Gilmor served with General Stonewall Jackson at the Battle of McDowell in May 1862. Gilmor's Cavalry Company spent the next three months scouting, serving as couriers and harassing enemy camps and trains. In September 1862, Harry Gilmor was with General Jackson when he crossed the Potomac River into Maryland. While in Maryland, Gilmor went on "French leave", to see his family in Towson, Maryland, just north of Baltimore. While en route to his family home, Glen Ellen Plantation, Gilmor was taken prisoner by Union Forces.

Gilmor would spend six months as a prisoner-of-war, but was back with Confederate Forces as part of a prisoner exchange in early 1863, and served as aide-de-camp for General J.E.B. Stuart at the Battle of Kelly's Ford in March 1863.

Shortly after the battle, Harry Gilmor petitioned to raise his own cavalry regiment. He organized several companies of mostly Marylanders into a unit that called themselves "The Band".
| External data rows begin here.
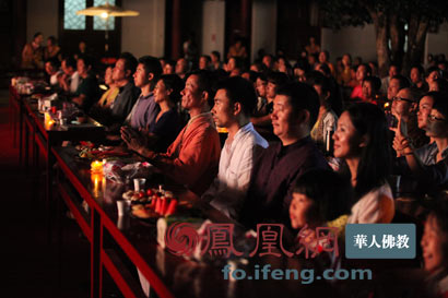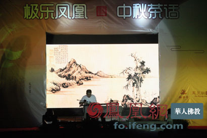凤凰网华人佛教与福建古田极乐寺联合举办的极乐凤凰话中秋活动现场,主持人与定空法师及居士探讨佛法。(图片来源:中新网)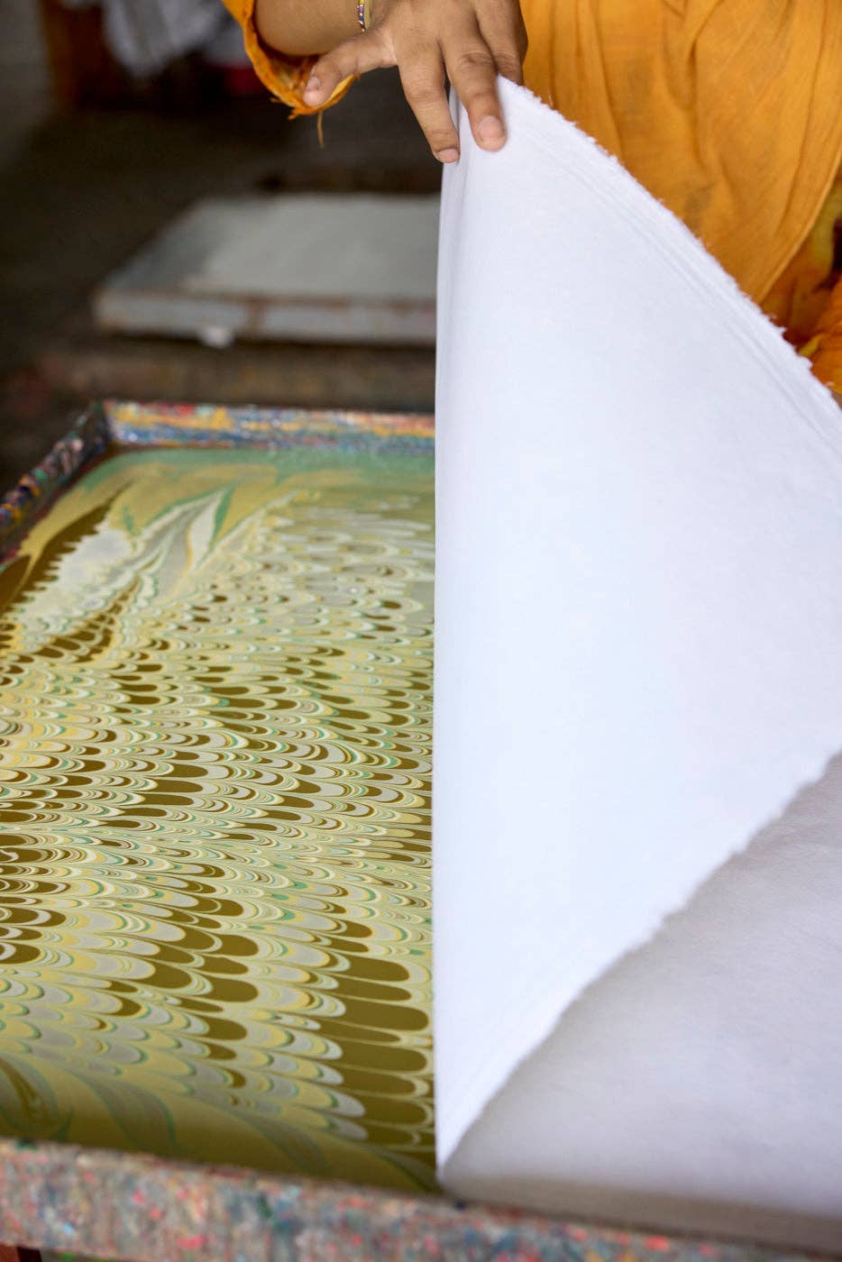 These colorful gift bags are hand marbled and made from a strong 250gsm recycled cotton card paper. The bags are marbled using traditional techniques, and are not digitally mass produced. The cotton rope handles enhance the artisanal look of the bags and the matching swing tag carries a short blurb about the story behind the bags. 100% recycled cotton paper.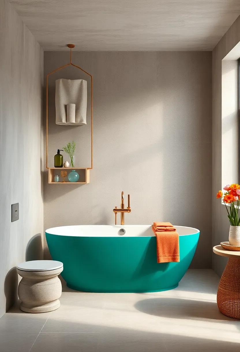 In a world where soft beige and muted whites dominate bathroom aesthetics, a vibrant accent tub emerges as a striking centerpiece, effortlessly infusing the space with character and charm. Picture a deep teal soaking tub that draws the eye, contrasting beautifully against pale gray walls and natural wood accents. Such a bold choice not only elevates the visual appeal but also invites energy and creativity into your sanctuary, transforming a typical bathroom into a personal retreat. Consider hues like rich crimson or sunset orange to evoke warmth, or perhaps a playful lime green for a refreshing twist.
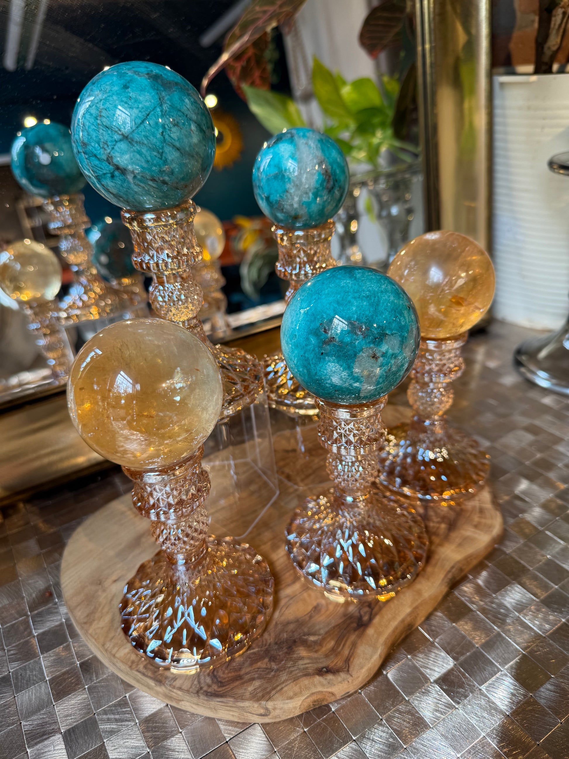 1 golden amber glass sphere holder (sphere not included)

Occasionally, Gilmor's Battalion fought alongside other units such as McNeill's Rangers, and the 1st Maryland Cavalry, CSA. During the Confederate campaign into Maryland in June 1863, Harry Gilmor was temporarily placed in command of the 1st Maryland Cavalry, after its commander was wounded in combat.

After the Gettysburg Campaign, the Confederate Army returned to Virginia. During this time, Gilmor had 6 full companies of rangers operating in the Shenandoah Valley. They conducted mainly guerrilla-type operations against Union wagon trains, railroads, telegraph lines, depots, bridges and encampments.
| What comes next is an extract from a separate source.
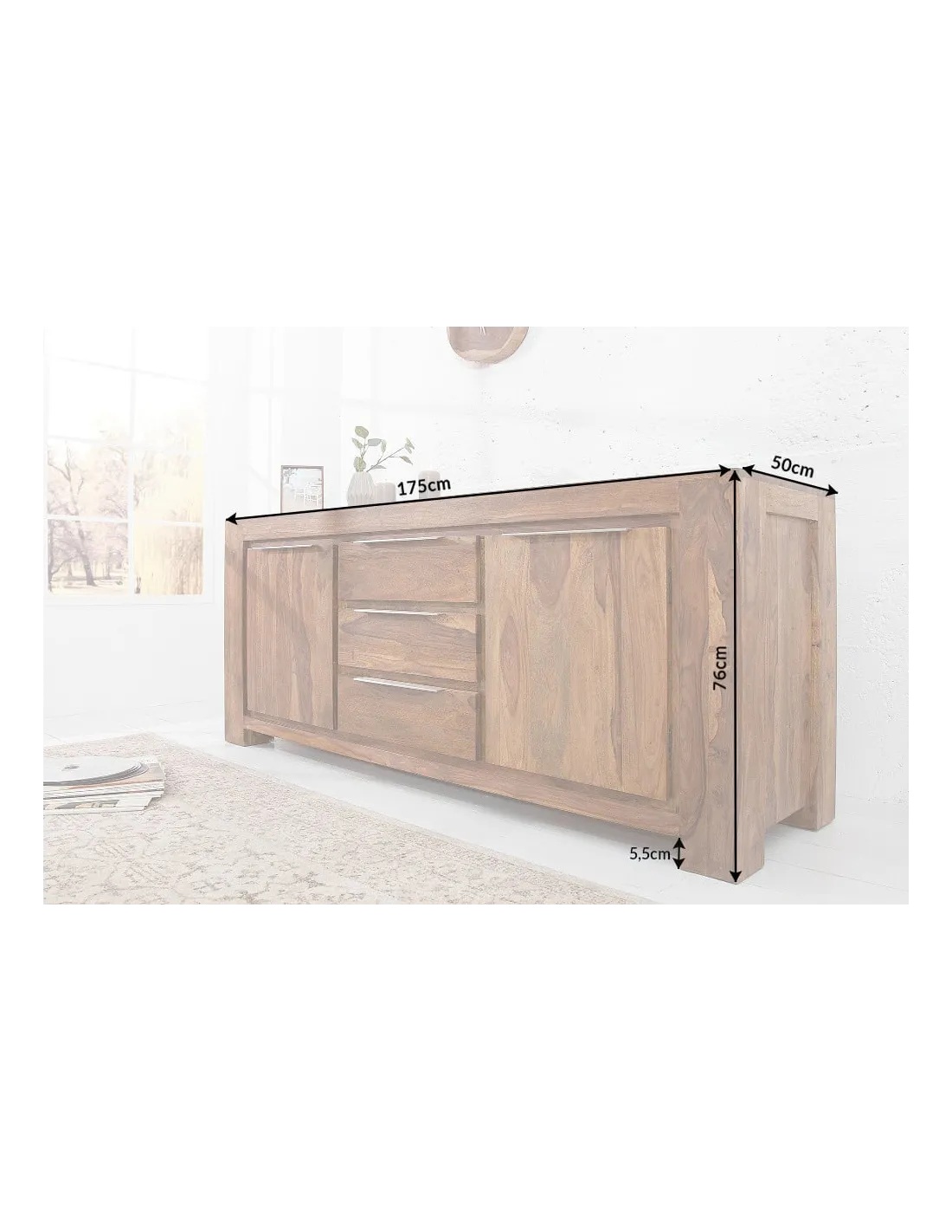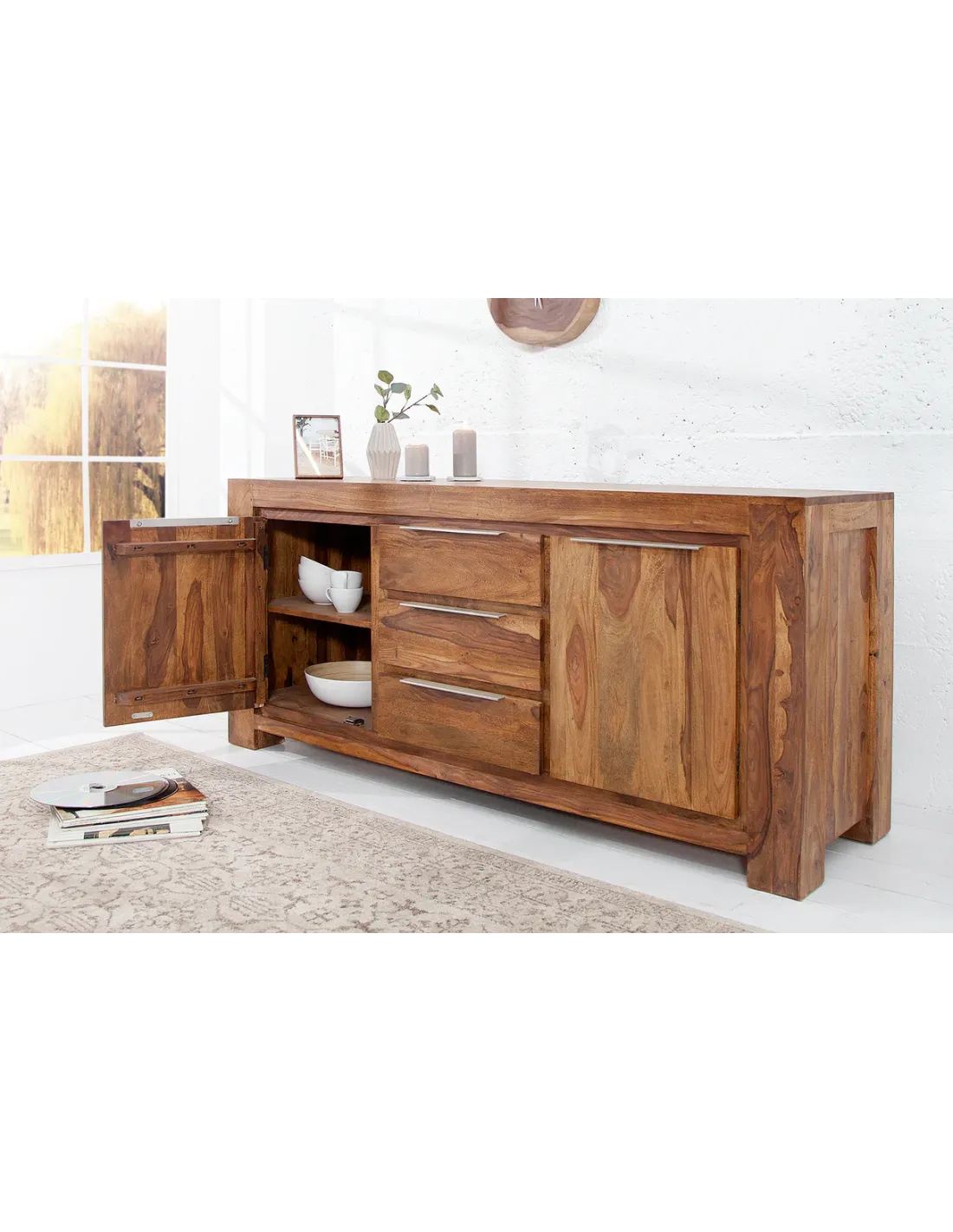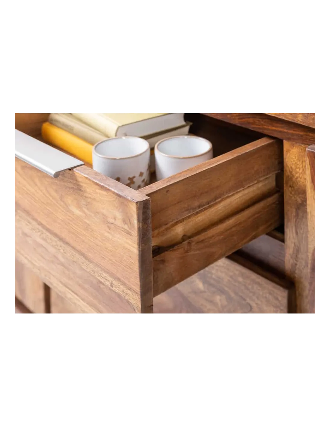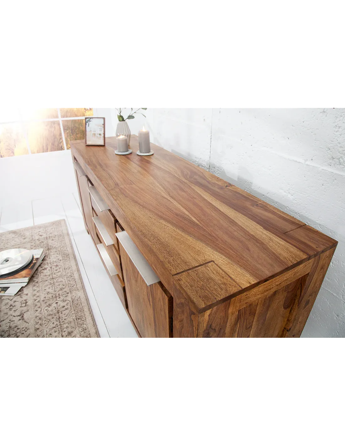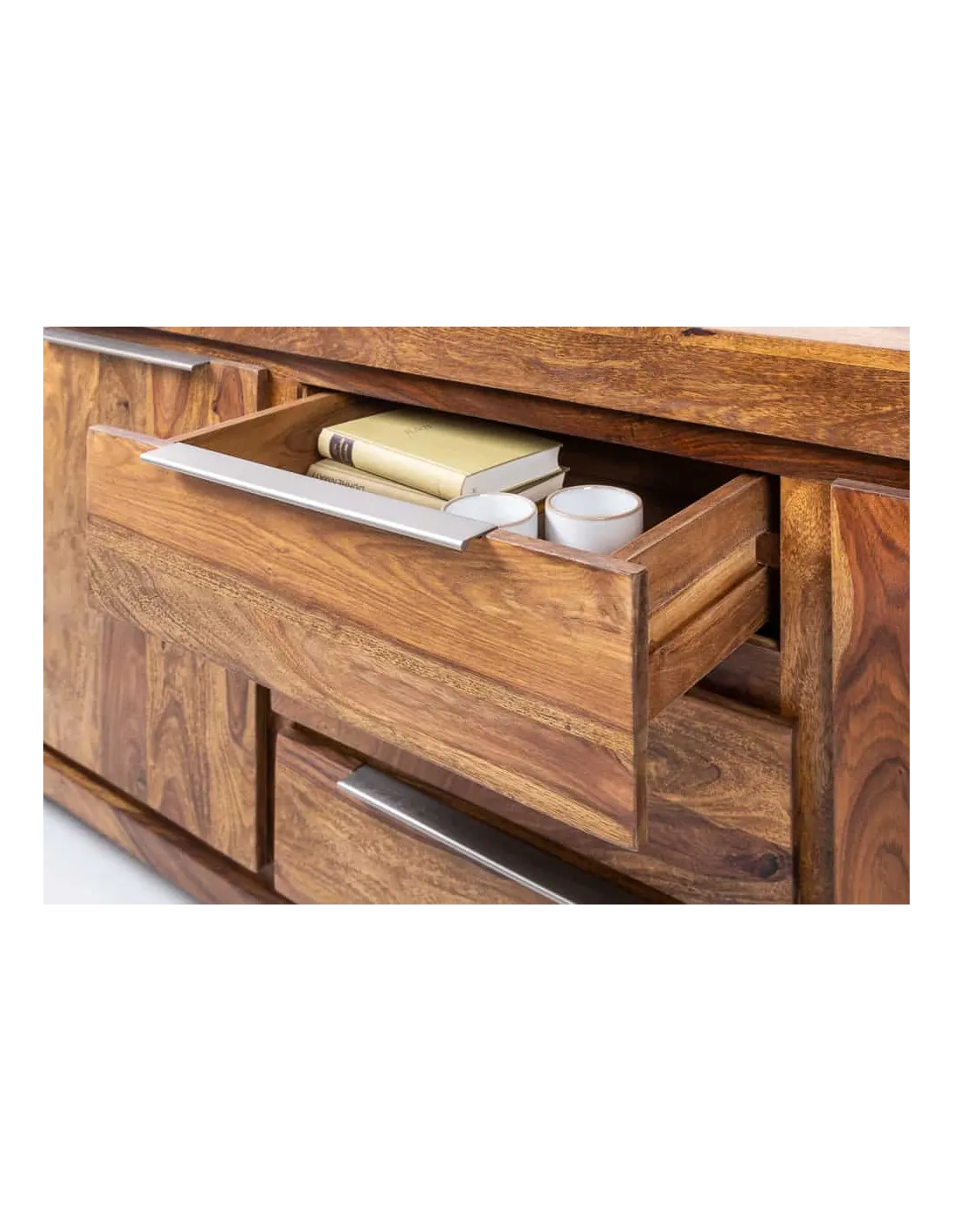 Entièrement fabriqué en bois massif de sheesham, ce buffet est conçu pour durer dans le temps et apporter une touche authentique à votre intérieur. Chaque pièce est unique grâce aux variations naturelles du bois.

In June 1864, Gilmor's Battalion was designated as the 2nd Maryland Cavalry. The 1st & 2nd Maryland Cavalry units became involved in almost daily skirmishes with Union General Sheridan's cavalry. Colonel Gilmor was seriously wounded near Bunker Hill, West Virginia on September 3, 1864, and did not return to action until October, missing the Battle of Opequon and the Battle of Fisher's Hill. In February 1865, the 2nd Maryland went into West Virginia to forage for supplies, and to meet up with McNeill's Rangers. In the process, Colonel Harry Gilmor was captured on February 4, 1865, and taken to Fort Warren, Massachusetts.